35 responses to “Business, Branding and the Art of Storytelling”

  1. Social comments and analytics for this post…

    This post was mentioned on Twitter by remarkablogger: RT @jonathanfields Business, Branding and the Art of Storytelling http://bit.ly/dcwlgA (pls RT)…

  2. […] This post was mentioned on Twitter by remarkablogger, Grant Griffiths, Kim Howard, Jan Martinus, Santi Chacon and others. Santi Chacon said: Business, Branding and the Art of Storytelling: Ever wonder how to make yourself stand out from all the other bus… http://bit.ly/dcwlgA […]

  3. Zadling says:

    I’m a huge fan of incorporating storytelling into marketing material. People love reading a good story. It develops a personal connection between the buyer and seller and establishes an element of trust. People want to believe in someone else and people love hearing a great success story. I’ve included a personal story about how and why I started my company in my about us section. So far it has gotten a lot of positive feedback. Great article!

  4. ami says:

    Great post – I think we often miss out on opportunities to tell our story – even when our story is a good one! I’m talking to a local public radio station about using social media to tell their story, they’ve got so much great stuff to share, and, as you say, telling or crafting the legend can mean having more and better interactions with your audience.

    2 resources I’ve been reading recently that align well with your post: Made to Stick, by the Heath brothers, about communicating in a way that gets your message to ‘stick’ with your target audience and motivates them to take action and The Hero with a Thousand Faces by Joseph Campbell.

  5. JeanPWebster says:

    I LOVE the storytelling analogy. I am going to write my story tonight & see where it takes me. Thanks.

  6. Mary E. Ulrich says:

    Do you have any examples of blogs telling personal stories like you described?

  7. John Sherry says:

    I heartely agree Jonathan. We all love a story (especially a true one) as we see ourselves often reflected in it or relate one of our experiences to the narrative. Above all it supplies a human touch to a business world reminding us all what really matters. I tell my story too simply because I’m the same as those I talk to who have lived through something called life. A sensible piece I really liked and a great fresher approach to the normal business and branding by numbers found elsewhere. Hope there’s more to come!

  8. Hiro Boga says:

    Story is such a powerful way for us to meet each other at the boundary of our differences, only to find ourselves in each other. Thank you for lovely post.

    Hiro

  9. Jonathan,

    This is great stuff, as usual.

    Love the story… get the story and so often overlook the story when writing… yet find myself always relying on them in conversation.

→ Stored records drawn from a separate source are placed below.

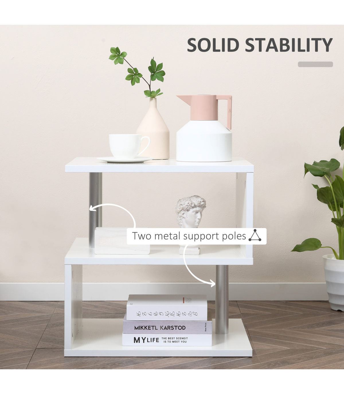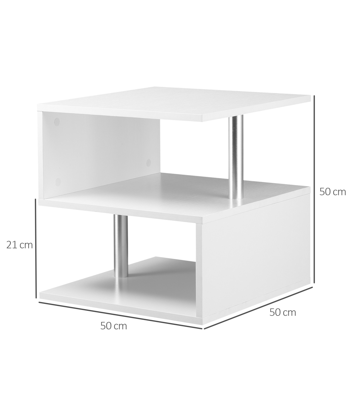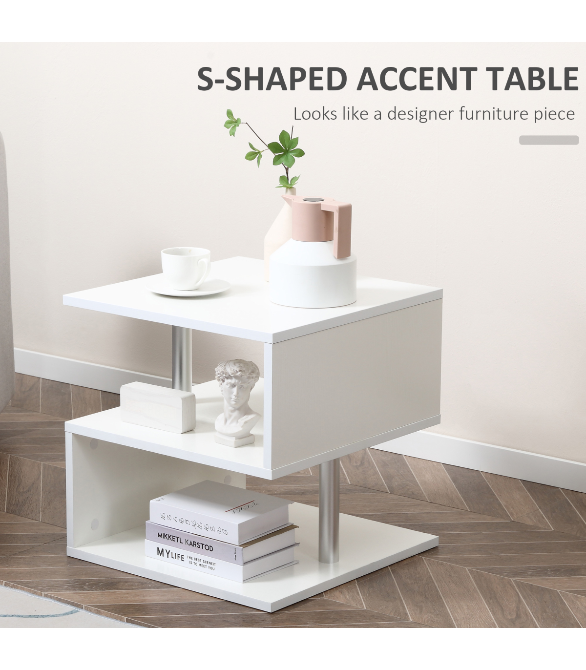 Enhance your living space with HOMCOM�s 3 tier s-shaped accent end table that is perfect for displaying your favorite decorative items, lighting, or plants in entryways, bedrooms and living rooms. It�s an artful way to place lamps, books, and collectibles in smaller spaces around furniture. Use it to complement your existing furniture or make it the centerpiece of any setting. The unique design features three tiers, two with eye-catching metal supporting poles, and a large open surface table top. The smooth water-resistant surface is easy to clean and maintain. For bold, contemporary style and endless possibilities, you can�t beat this latest exciting offering from HOMCOM.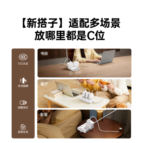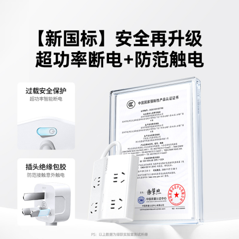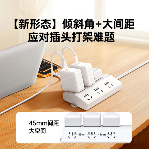 【绿联官旗】T4梯形排插插座接线板多功能★4位5孔全长0.5米,T4·梯形排插,四孔位,新国标3C认证!15°斜面插头,不打架~一体式过载,保护开关~智能过载保护,750°高温阻燃!放哪里都安全!随时安心用电~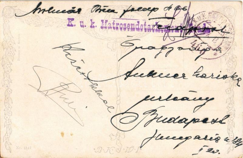 1918 Ernst ist das Leben. B.K.W.I. Nr. 1547. / monkey art postcard s: Otto Friedrich + "K.u.k. Matrosendetachement Grado" (EK)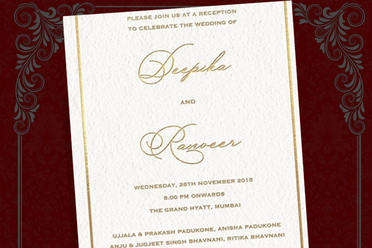 সোমবার সোশ্যাল মিডিয়ায় একটি নিমন্ত্রণ পত্র ভাইরাল হয়েছে। সেখানে দেখা যাচ্ছে, আগামী ২৮ নভেম্বর নাকি মুম্বইতে এই জুটির রিসেপশন। দ্য গ্র্যান্ড হায়াতে হবে এই অনুষ্ঠান। রণবীর এবং দীপিকার বাবা-মায়ের নাম কার্ডে ছাপা রয়েছে। তাঁরাই সকলকে আমন্ত্রণ জানিয়েছেন।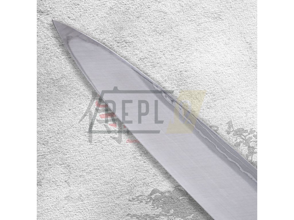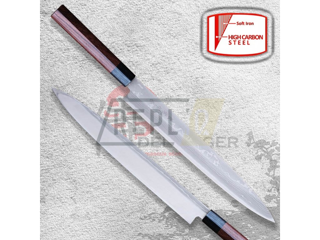 Jádro čepele těchto nožů je kované z vysoce uhlíkové oceli White Steel #2. Tato ocel díky tomu, že je legovaná chromem a wolframem, má vynikající retenci ostří a odolnost. Je velmi oblíbená u japonských výrobců nožů. Tvrdost nože je 60-61 HRC. Nádherná damašková čepel je složená z 11 vrstev a mimořádně ostrého řezného jádra. Čepel je osazena tradiční japonskou rukojetí ve tvaru písmene „D“ z červeného santalového dřeva, bolster je z černého dřeva Plywood.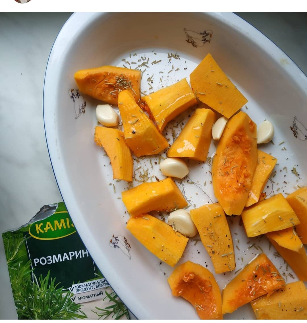 Аромат просто бомбический!!!! Попробуйте и вы не пожалеете, очень просто и необычайно вкусно! Тыкву порезать на кусочки, (можно очистить от кожуры или оставить её) сложить в глубокую миску, посолить, добавить розмарин или любимую приправу, добавить несколько целых зубочков чеснока, сдобрить оливковым или подсолнечным маслом и отправить в разогретую до 200С духовку на 20-25 мин. (в зависимости от толщины кусочков) Приятного аппетита!!!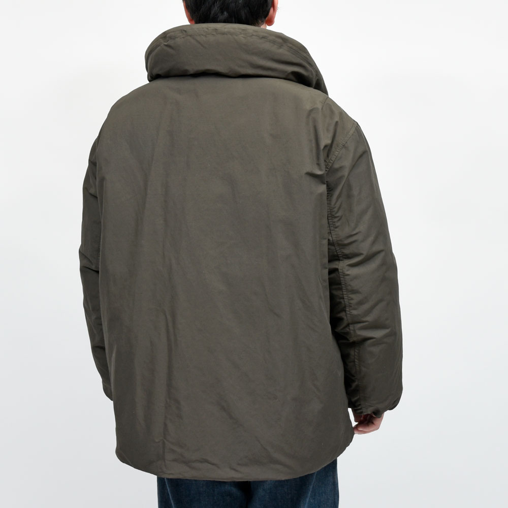 襟部分はバブルカラー仕様、チンストラップも付属しているので立てて着用することも可能となっています、これにより防寒性もアップ。ありそうでないバランス感の一着、冬場を乗り越えるための友としてふさわしい存在だと思います。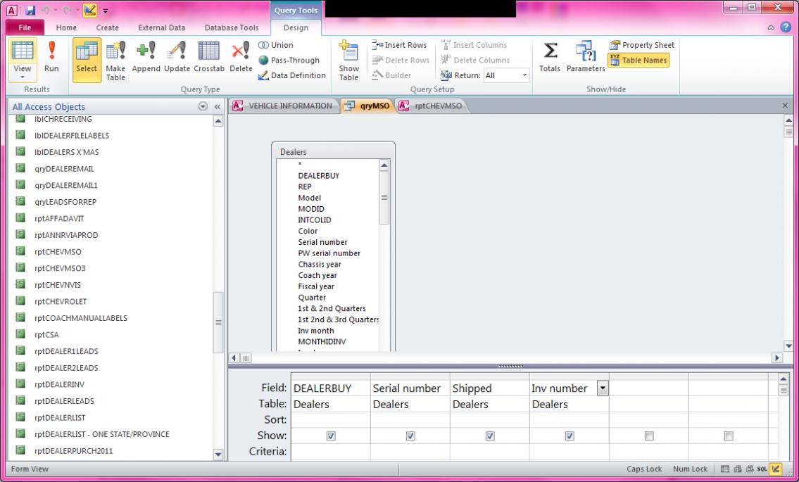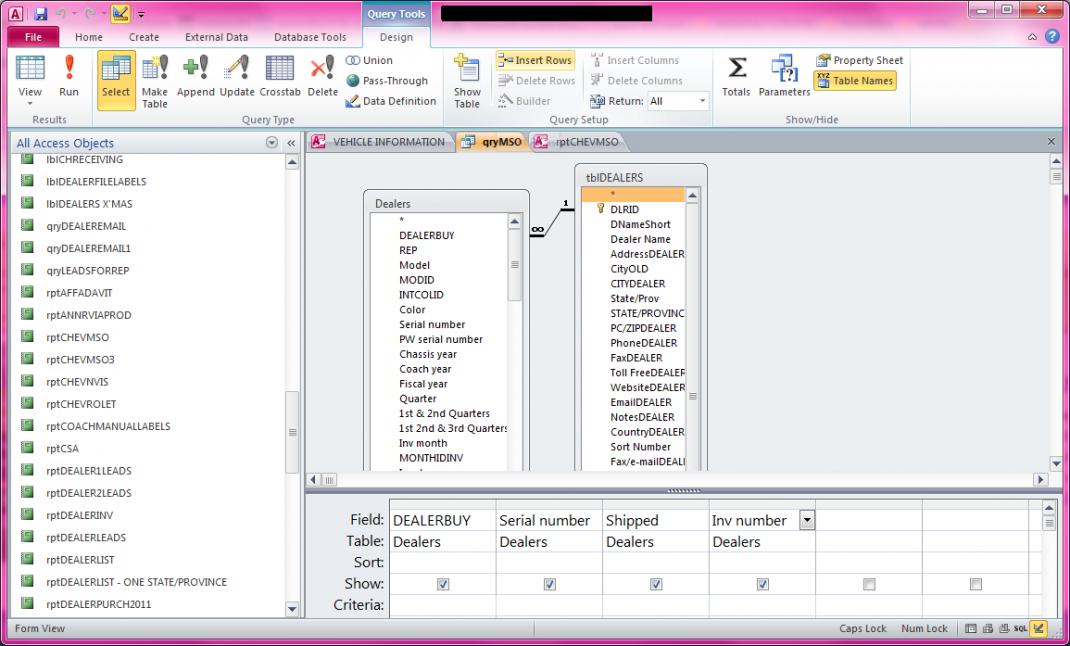 unfortunately that isn't the case here. All the records are showing the same dealer and all the different dealers are in tblDEALERS as DEALERBUY is looking up from that table.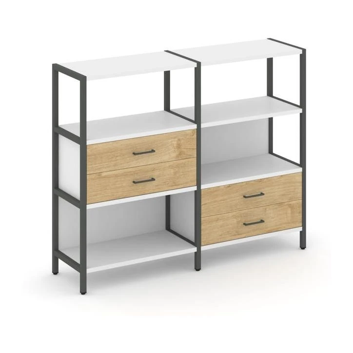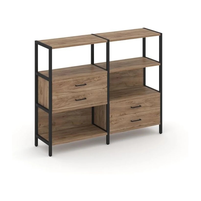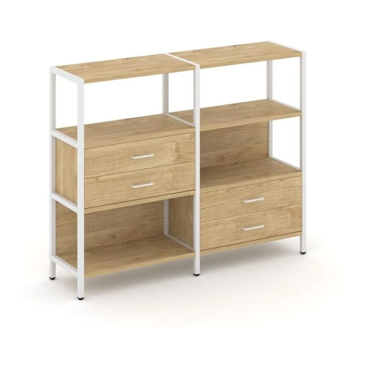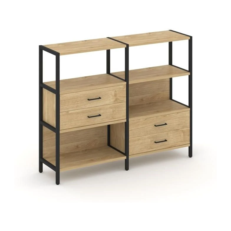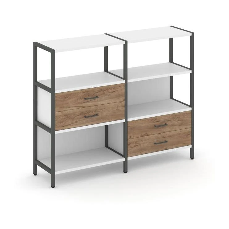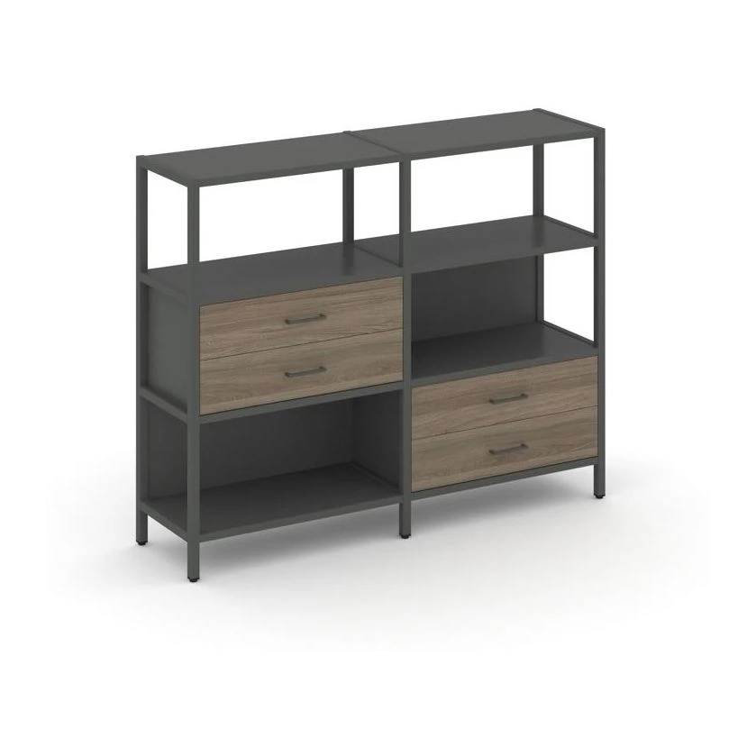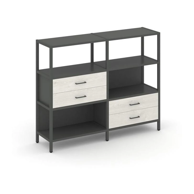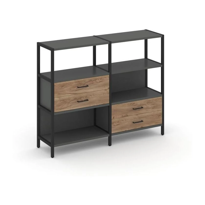 - Двухсекционный стеллаж трехярусный с ящиками на двух ярусах 1590х400х1246 Шелф Систем / Shelf System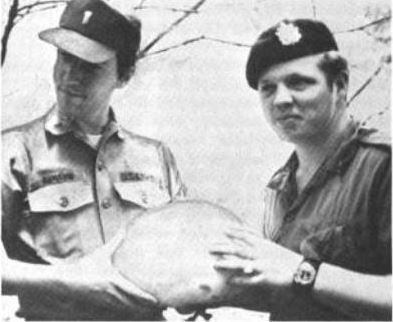 WHITE or dark meat Sergeant Prospects of eating of foreign object was initially unappetizing to Lieutenant Robert Benson left 98th Comm Gp as Sergeant Brain Budden of Queen’s Own Rifles presents giant puffball (Calvatia Ciganted.)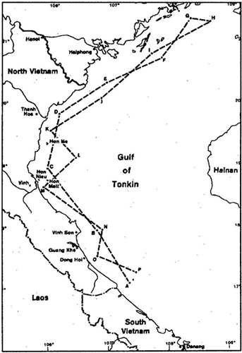 Sơ đồ đường đi của các tàu chiến Mỹ trong chiến dịch DESOTO. Rõ ràng đây là hành động xâm hại lãnh hải, chủ quyền trên biển của Việt Nam trước khi Mỹ tuyên bố tham chiến ở Việt Nam. Nguồn ảnh: Warhistory.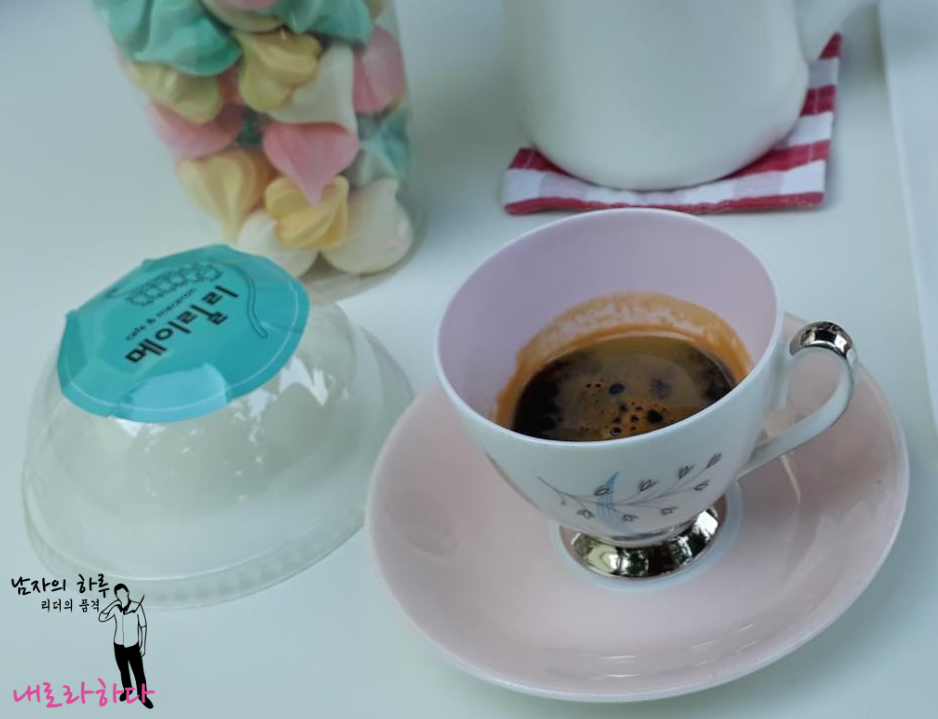 커피잔도 아주 고상, 우아(엘레강스)합니다. 크레마가 좀 아쉽네요. 향과 맛은 마카롱과 잘 어울립니다. 향도 괜찮았는데 제가 건드렸나요.;; 머랭 쿠키는 잘 아시는 그 느낌으로 사각사각 녹아들고, 마카롱은 생각보다 폭신폭신하니 아주 맛있습니다. 마카롱을 전면에 내세운 이유가 있군요.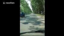 Man uses spanner instead of steering wheel to drive car

    I have a great authentic back story that landed me here… it’s time I openly share it, tell it like it is.

    It’s what I’m thinking about now… so the timing is perfect.

    To Your Life @ Full Strength,
    Shawn

  10. There’s a wonderful book about stories and business by Jim Loehr (who co-wrote The Power of Full Engagement with Tony Schwartz). It’s The Power of Story: Rewrite Your Destiny in Business and in Life.

  11. Queenie says:

    Thanks for sharing. Some great insights I will definitely be putting to use right away.

  12. Tim Danyo says:

    I love the way you linked the classic epic story line to a personal or business brand story line.

    Here’s an idea…. why not create a video that tells your story like this and put it on your “About Us” page? I get so tired of the same old same old. A real story about real people doing amazing things for a true and right endeavor always makes for something to remember and talk about.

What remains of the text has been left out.